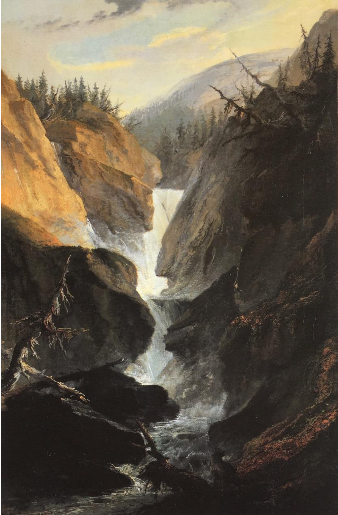
Caspar Wolf: Handeckfall
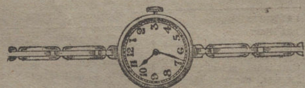
Núm. 17.—Platino fino, áncora de precisión, pulsera extensible. Pesetas 500.
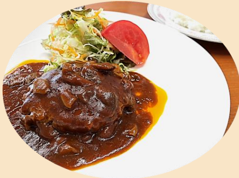
デミグラスソース
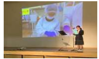
ステージでPCを使って発表する様子

* * *

### PROBLEM TO WORK ON
With the pictures left out, return all the material above exactly.

### RESPONSE TO THE EXERCISE
Caspar Wolf: Handeckfall
Núm. 17.—Platino fino, áncora de precisión, pulsera extensible. Pesetas 500.
デミグラスソース
ステージでPCを使って発表する様子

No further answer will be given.